**Description of the task:** After finding the line that holds "We had an egg" below, set down that line and the rest through the final one exactly, leaving the pictures out.

******************************

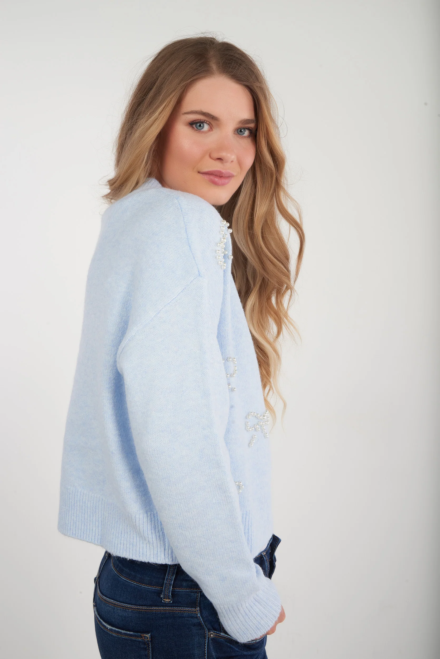 Restez au chaud avec nos chandails pour femme de style sweater, dont le modèle BOW. Orné de boucles en perles, ce chandail allie confort et élégance pour du style assuré lors des journées plus fraîches. Offert en trois couleurs: bleu, lilas et rose.
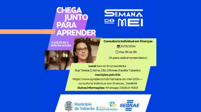 As consultorias serão realizadas na Sala do Empreendedor, Rua Teresa Cristina, 236, Oficinas, Tubarão-SC. Para mais informações, entre em contato via WhatsApp: (48) 3621-9003.
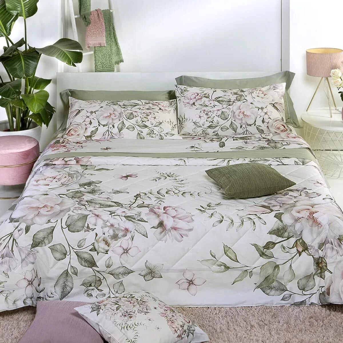 | Dettagli | La confezione contiene un copriletto trapuntato per letto matrimoniale due piazze Stampa digitale ad alta definizione con delicato motivo floreale Trapuntatura a rombi Angoli stondati Rifinito a mano Pregiatissimo raso di puro cotone 300 tc da 60 fili/cmq Imbottitura in fibra anallergica 100 gr/mq Colori solidi e resistenti ai lavaggi Ideale per il periodo primaverile e autunnale Custodito in una confezione in pvc con manico e zip di chiusura Made in Italy |
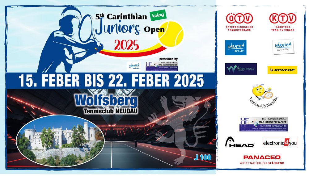 Ein außerordentlicher sportlicher Leckerbissen erwartet die österreichische, insbesondere die Kärntner und Lavanttaler Tennisszene in der Zeit vom 15. bis 23. Februar 2025 in der Tennisarena Auen. Zum fünften Mal bringt die „Carinthian-Juniors-Trophy“ im Rahmen der ITF-Junioren-World-Tour ein internationales Feld an Junioren-Spitzentennisathletinnen und -Athleten nach Wolfsberg. Verantwortlich für dieses Event der Kategorie J100 zeichnet das bewährte Veranstalterteam mit Turnierdirektor Gernot Dreier, KTV-Schiedsrichter und Turnierreferent, KTV-Vizepräsidentin und Referentin für Frauen, Inklusion und Schultennis Julia Adlbrecht und Organisationsleiter Edwin Themel, Obmann des TC St. Andrä.
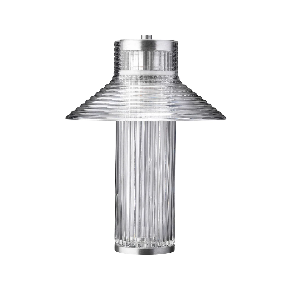 La lampe Sletterhage lampe de table à accu de FDB Møbler porte en elle l'atmosphère du phare de la péninsule danoise d'Helgenæs qui lui a donné son nom. Le verre transparent et strié joue doucement avec la lumière et rappelle les éléments fonctionnels et industriels qui, depuis des décennies, permettent aux pêcheurs et aux voyageurs de s'orienter. La designer Laura Bilde utilise systématiquement des composants en verre récurrents pour créer un langage formel harmonieux qui semble à la fois familier et contemporain.
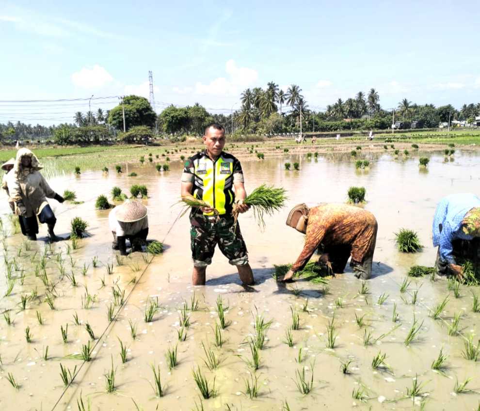 Serma Donner Sipangkar, Babinsa Posramil Peulimbang Kodim 0111/ Bireuen, turun langsung ke sawah membantu masyarakat menanam padi di Desa Uteuen Sikumbong, Kecamatan Peulimbang, Kabupaten Bireuen. Kegiatan ini merupakan bagian dari upaya mendukung program pemerintah dalam mewujudkan swasembada pangan. Minggu (24/08/2025).
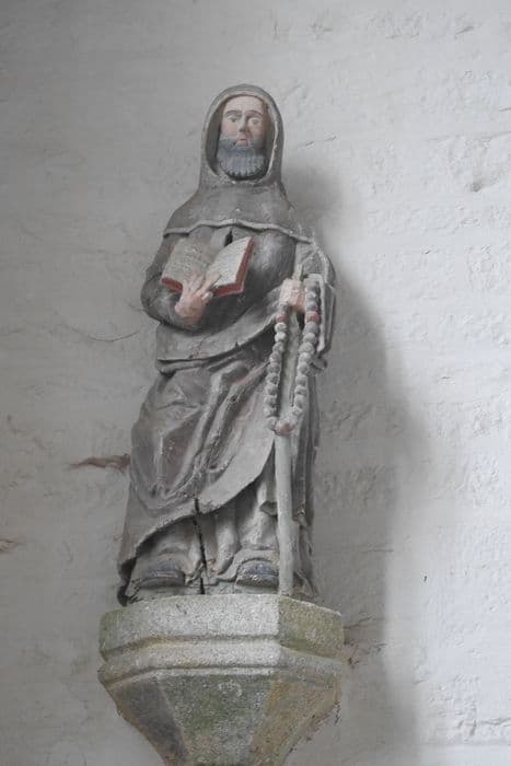 saint Herbot ; en pied ; portant ; livre ; chapelet
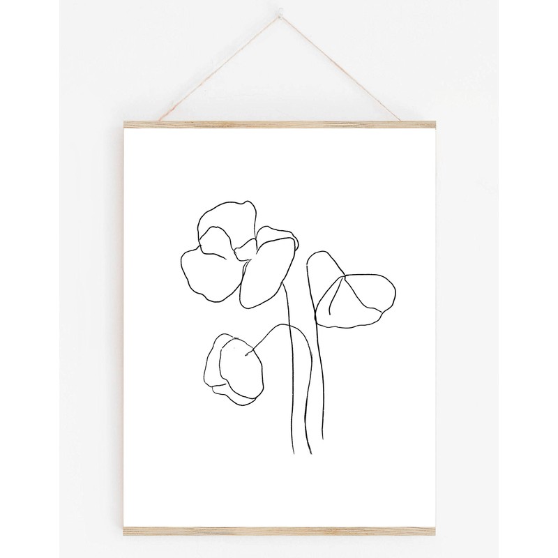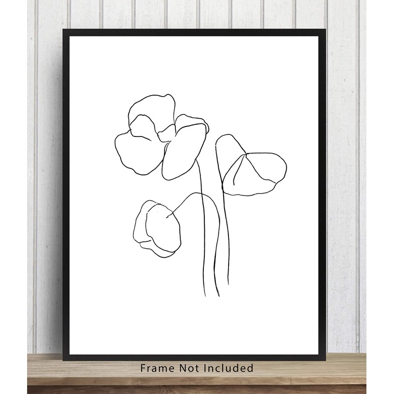 3 Flower Stems Line Art Wall Art. 11x14 UNFRAMED, Minimalist Black & White Botanical Decor - A Clean, Contemporary and Modern Sketched Print.
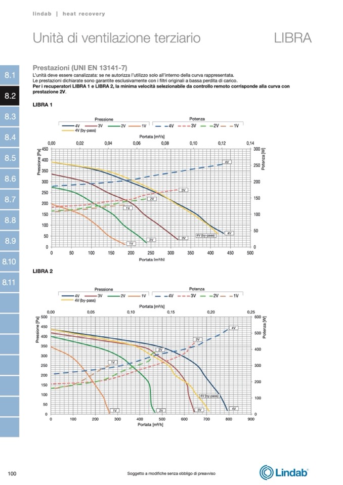 Per i recuperatori LIBRA 1 e LIBRA 2, la minima velocità selezionabile da controllo remoto corrisponde alla curva con
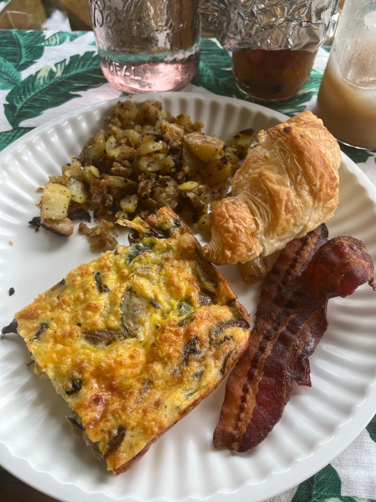 We had an egg bake with a bunch of vegetables, everything potatoes, Trader Joe’s mini croissants, bacon, and…
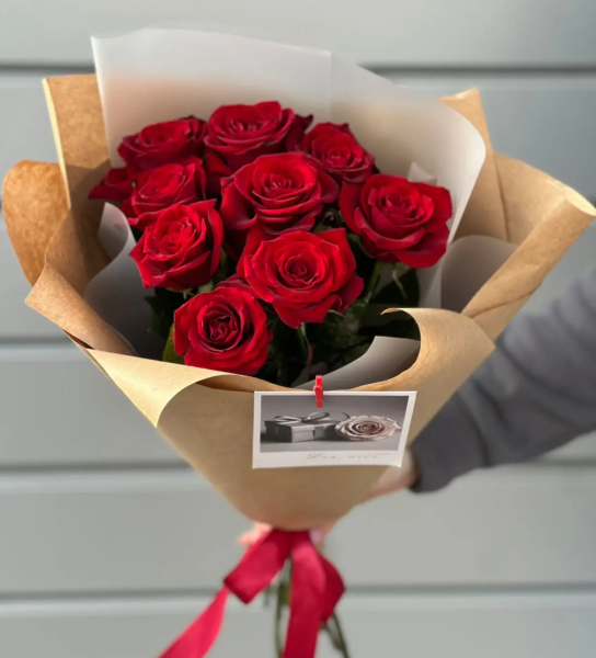 розы - 9шт, упаковка, лента |

******************************

**Solution below:**
 We had an egg bake with a bunch of vegetables, everything potatoes, Trader Joe’s mini croissants, bacon, and…
 розы - 9шт, упаковка, лента |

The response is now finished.